ASSIGNED TASK:
Starting with the line that holds "想走到你附近 将一生也馈赠 |", reproduce each line through the last one of the data, exactly as written. Pictures are not copied.

INPUT DATA:
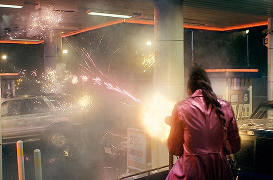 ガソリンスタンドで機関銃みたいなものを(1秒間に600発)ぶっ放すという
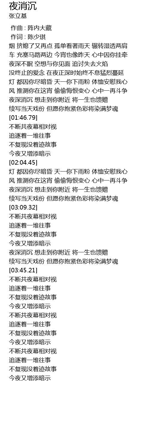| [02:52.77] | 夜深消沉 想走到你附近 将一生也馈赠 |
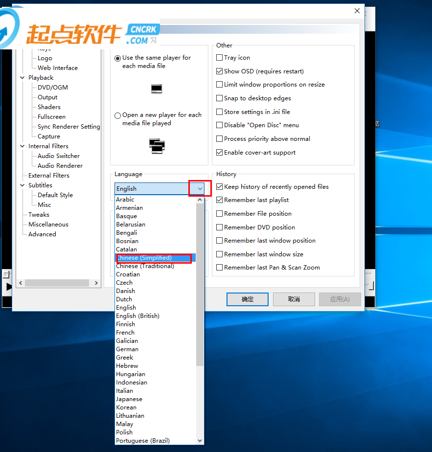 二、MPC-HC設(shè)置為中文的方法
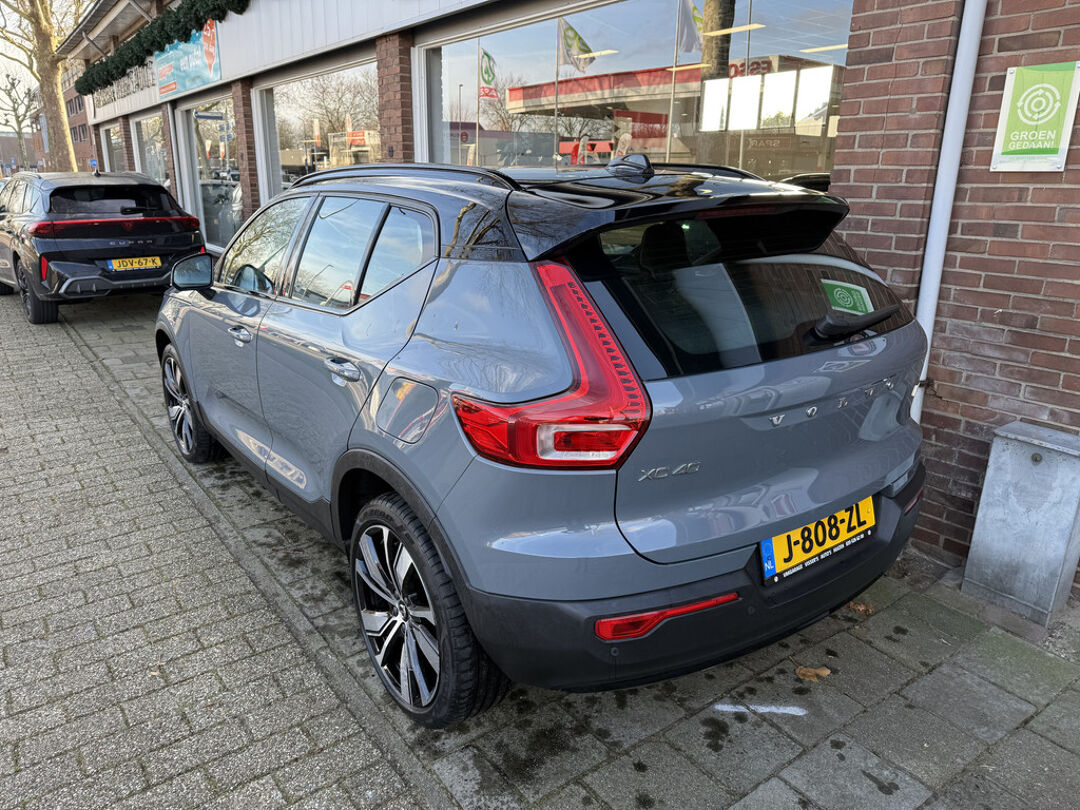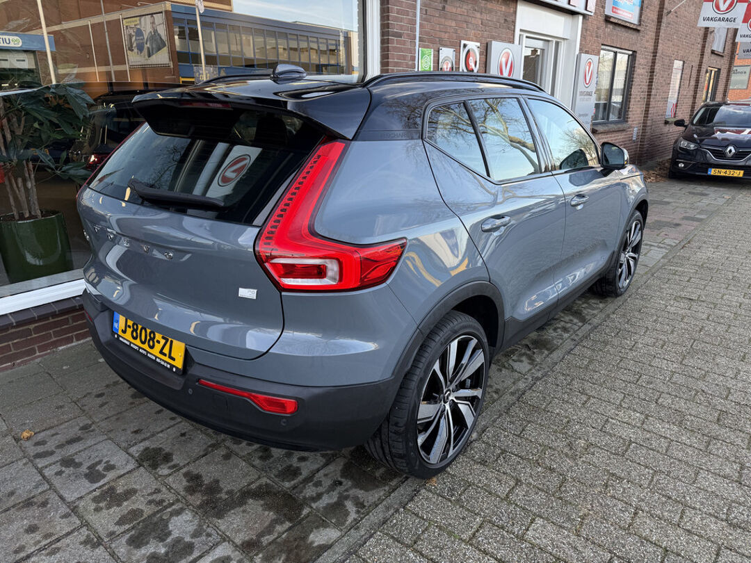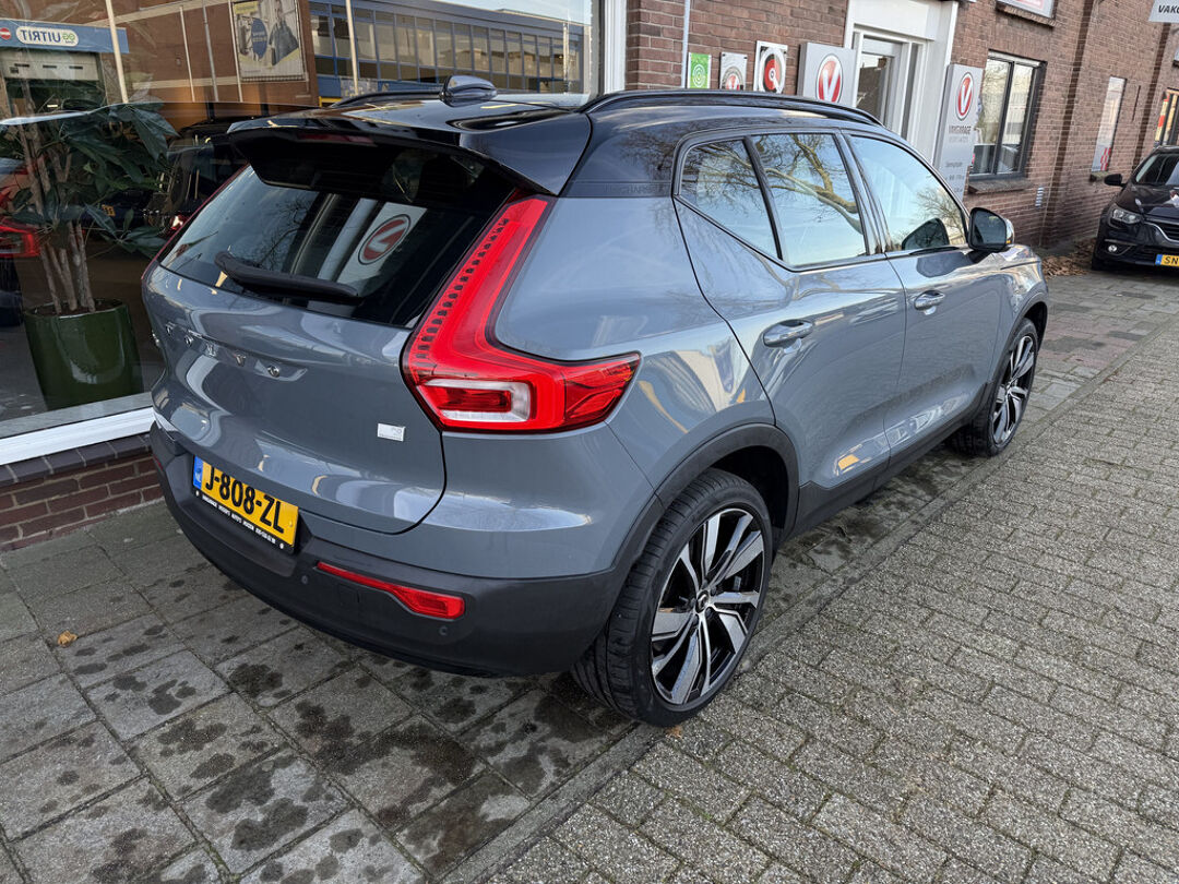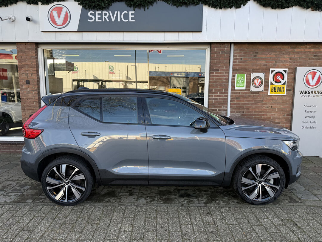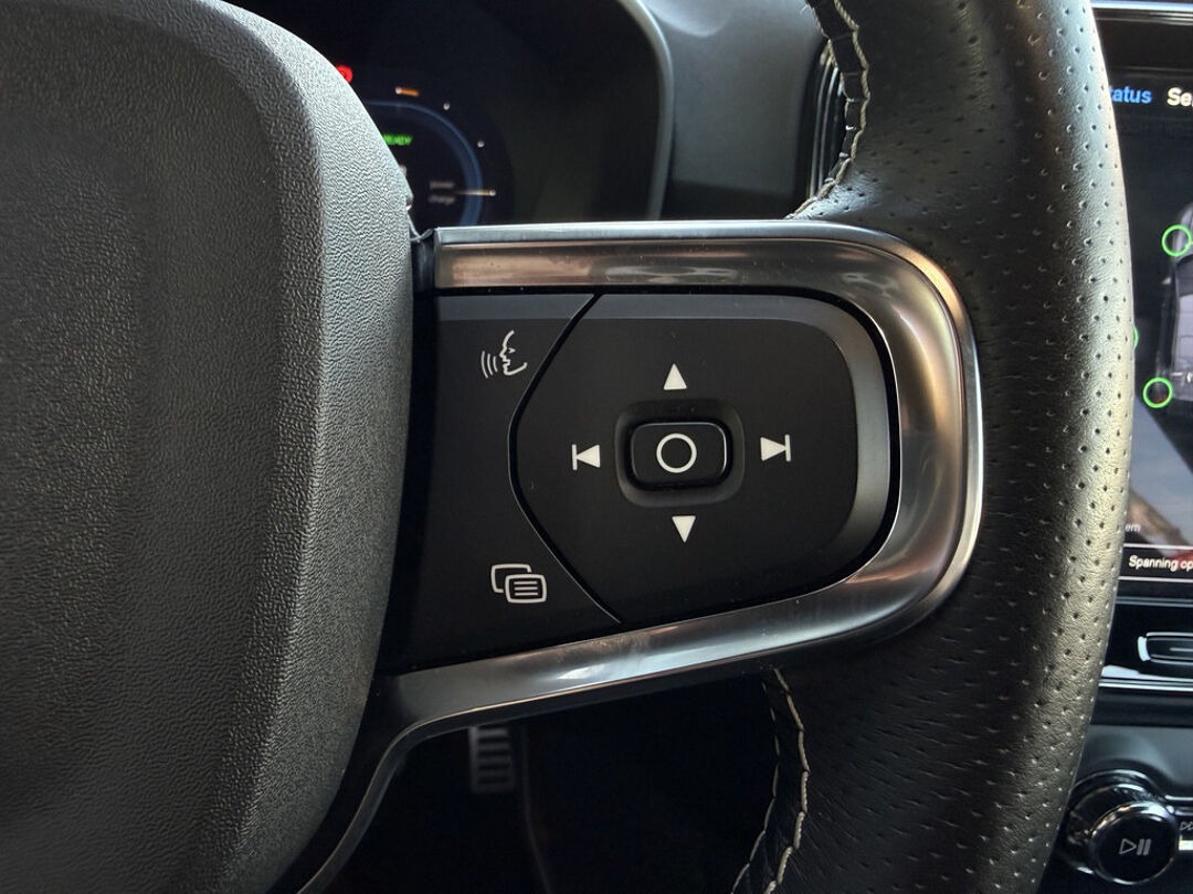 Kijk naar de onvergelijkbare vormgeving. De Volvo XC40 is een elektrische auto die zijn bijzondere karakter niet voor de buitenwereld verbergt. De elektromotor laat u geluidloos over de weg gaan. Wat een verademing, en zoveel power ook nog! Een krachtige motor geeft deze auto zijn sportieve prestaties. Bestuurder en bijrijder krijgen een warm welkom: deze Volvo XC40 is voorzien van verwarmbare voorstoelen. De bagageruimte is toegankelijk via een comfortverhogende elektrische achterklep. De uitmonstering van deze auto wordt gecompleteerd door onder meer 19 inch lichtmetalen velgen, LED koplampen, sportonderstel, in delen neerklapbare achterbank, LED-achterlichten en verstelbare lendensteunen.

REPLY:
| [02:52.77] | 夜深消沉 想走到你附近 将一生也馈赠 |
 二、MPC-HC設(shè)置為中文的方法
 Kijk naar de onvergelijkbare vormgeving. De Volvo XC40 is een elektrische auto die zijn bijzondere karakter niet voor de buitenwereld verbergt. De elektromotor laat u geluidloos over de weg gaan. Wat een verademing, en zoveel power ook nog! Een krachtige motor geeft deze auto zijn sportieve prestaties. Bestuurder en bijrijder krijgen een warm welkom: deze Volvo XC40 is voorzien van verwarmbare voorstoelen. De bagageruimte is toegankelijk via een comfortverhogende elektrische achterklep. De uitmonstering van deze auto wordt gecompleteerd door onder meer 19 inch lichtmetalen velgen, LED koplampen, sportonderstel, in delen neerklapbare achterbank, LED-achterlichten en verstelbare lendensteunen.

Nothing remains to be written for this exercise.